US 12,468,920 B2
	Feedback driven decision support in partially observable settings
Sohini Upadhyay, Cambridge, MA (US); Yasaman Khazaeni, Needham, MA (US); Djallel Bouneffouf, Wappinger Falls, NY (US); and Mayank Agarwal, Cambridge, MA (US)
Assigned to International Business Machines Corporation, Armonk, NY (US)
Filed by International Business Machines Corporation, Armonk, NY (US)
Filed on Jul. 29, 2019, as Appl. No. 16/524,291.
Prior Publication US 2021/0034926 A1, Feb. 4, 2021
Int. Cl. G06N 3/006 (2023.01); G06N 5/043 (2023.01); G06N 7/00 (2023.01)
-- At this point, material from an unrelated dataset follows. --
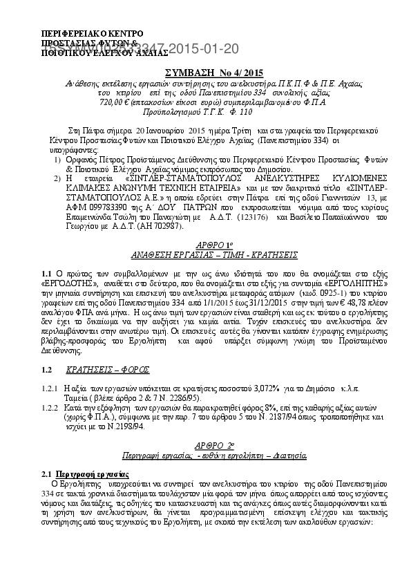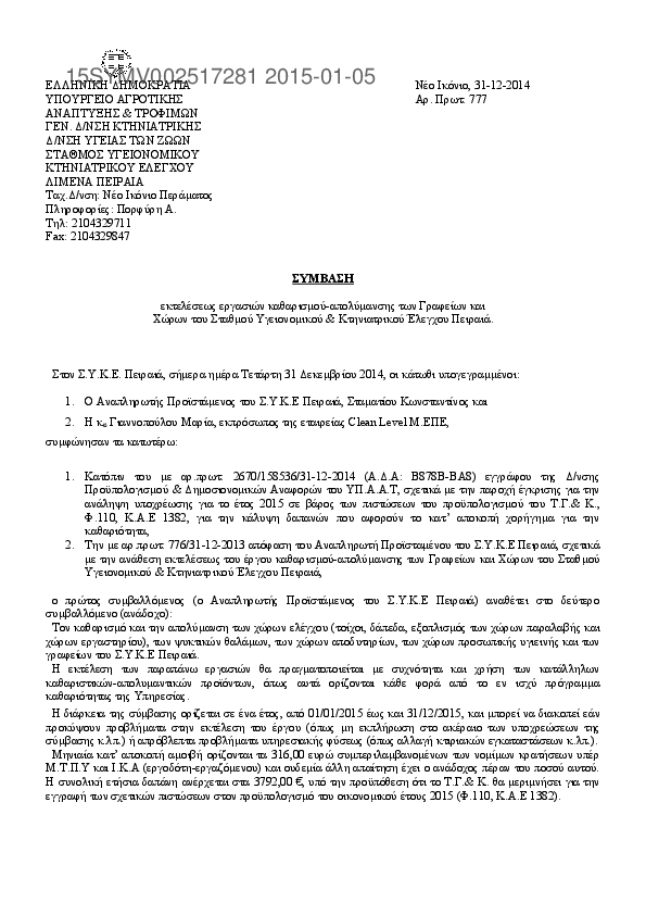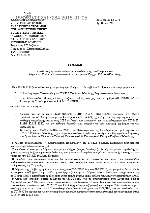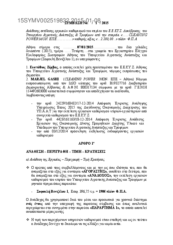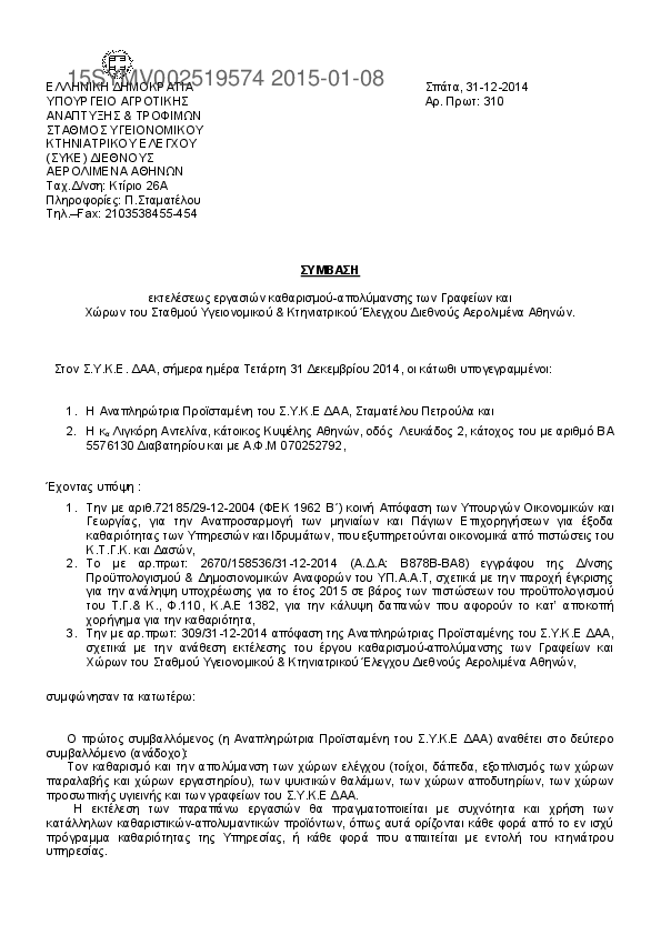 1. ΣΥΜΒΑΣΗ ΚΑΘΑΡΙΟΤΗΤΑΣ ΚΑΙ ΑΠΟΛΥΜΑΝΣΗΣ ΤΩΝ ΧΩΡΩΝ ΤΟΥ ΣΥΚΕ ΕΥΖΩΝΩΝ-ΕΙΔΟΜΕΝΗΣ ΓΙΑ ΤΟ ΕΤΟΣ 2015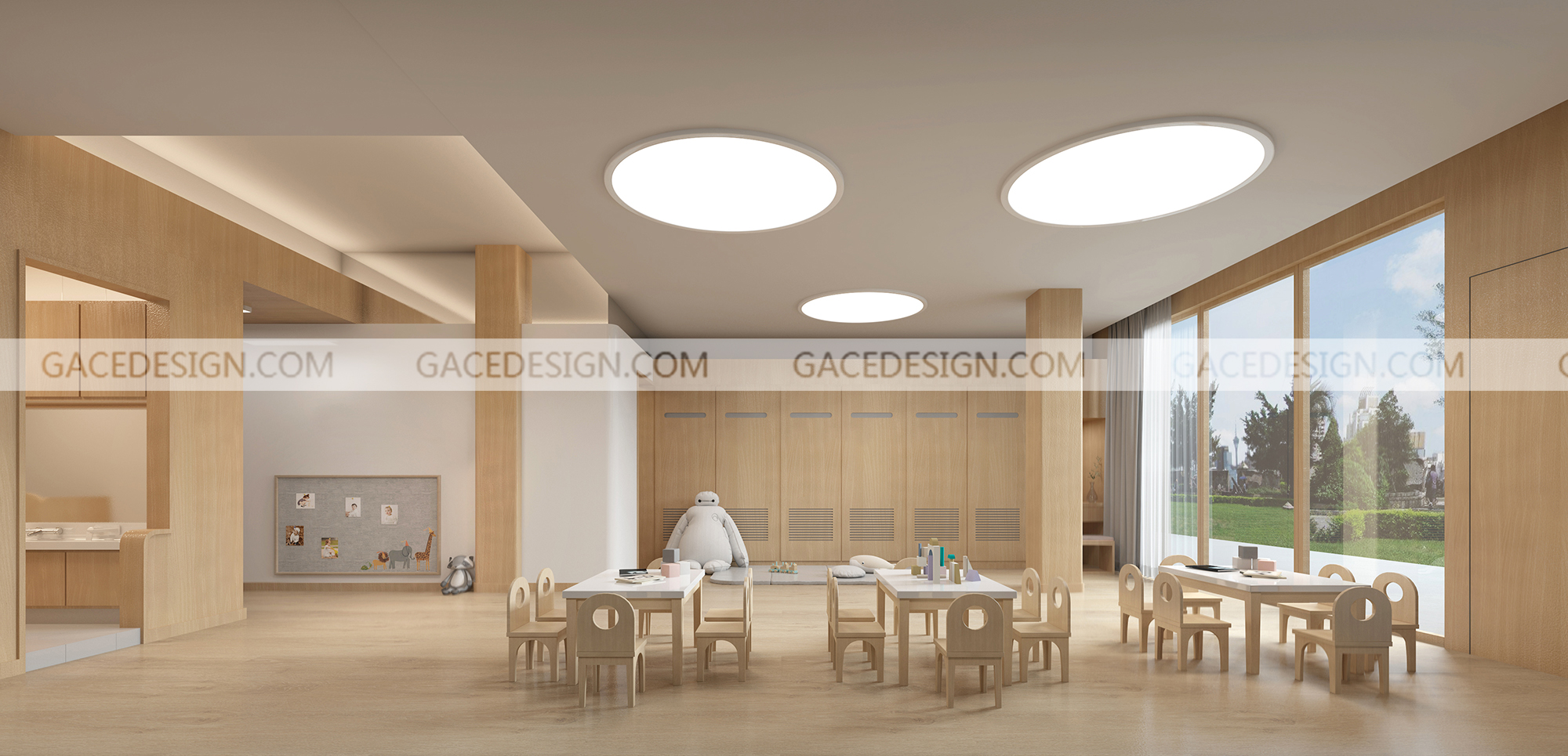 設(shè)計(jì)思考:首先擺在我們面前的是要解決通風(fēng)和采光問題。作為家長對于空間的要求,除了安全以外,最在意的就是通風(fēng)和采光。在室內(nèi)采用了兩種視角,即成人和小孩的視野,場地一共設(shè)計(jì)了4個托育班,1個科學(xué)育兒指導(dǎo)區(qū),其他均是配套功能等。讓成人亦可投入這個兒童空間,真正地塑造出能讓人安心的空間。新空間在視覺上更加開闊,前廳均有充足的自然光線,環(huán)境明亮且溫暖。從前廳過道到科學(xué)育兒指導(dǎo)區(qū),是一個眼前一亮的開放性空間。純凈的室內(nèi)空間讓孩子們擁有更多創(chuàng)造的空間。這里能提供街道和社區(qū)科學(xué)育兒指導(dǎo)站建設(shè)指導(dǎo),為街道和社區(qū)指導(dǎo)站運(yùn)作提供支持。所以該空間需要一定的活動面積,需要承載開展活動、爬行、感統(tǒng)區(qū),游樂繪本等互動性功能。我們試圖打破這種室內(nèi)外一刀切所帶來的生硬的邊界感,通過設(shè)計(jì)我們最大程度的把陽光帶給教室,讓教室形成豐富的多層次視野。配合明亮的落地窗,讓孩子的活動空間更加通透。

CPC G06N 3/006 (2013.01) [G06N 5/043 (2013.01); G06N 7/00 (2013.01)]

20 Claims

1. A computer-implemented method comprising:

a) receiving, by a reinforcement learning agent that is a machine learning system of a computer, initially observable feature values corresponding to a list of initially observable features, a list of initially unobservable features, and a maximum number of features that are observable per iteration of a first cycle, whereby the reinforcement learning agent comprises a reinforcement learning policy that governs selection performed by the reinforcement learning agent, and whereby the reinforcement learning policy comprises a first reinforcement learning policy for feature selection and a second reinforcement learning policy for action selection;

b) using, by the reinforcement learning agent implementing the first reinforcement learning policy, the initially observable feature values and the maximum number of features that are observable per the iteration of the first cycle to select a group of some of the initially unobservable features to explore, wherein the first reinforcement learning policy comprises a contextual combinatorial bandit algorithm and the using comprises applying the received initially observable feature values and the maximum number to the contextual combinatorial bandit algorithm and the contextual combinatorial bandit algorithm, in response, selects the group of some of the initially unobservable features to explore;

c) receiving, by the reinforcement learning agent, values for the selected group of the initially unobservable features;

d) using, by the reinforcement learning agent implementing the second reinforcement learning policy, the received initially observable features along with the received values for the selected group of the initially unobservable features to select a next action from a set of actions, wherein the second reinforcement learning policy comprises a contextual bandit algorithm and the using comprises applying to the contextual bandit algorithm the received initially observable feature values and the received values of the selected group of the initially unobservable features and the contextual bandit algorithm, in response, selects the next action from the set of actions;

e) receiving, via the reinforcement learning agent, feedback regarding performance of the selected next action;

f) updating, by the reinforcement learning agent and based on the received feedback, one or more parameters of the contextual combinatorial bandit algorithm of the first reinforcement learning policy for feature selection and one or more parameters of the contextual bandit algorithm of the second reinforcement learning policy for decision selection; and

g) repeating step b through step f over a settable number of iterations, whereby the first cycle comprises step b) through step f).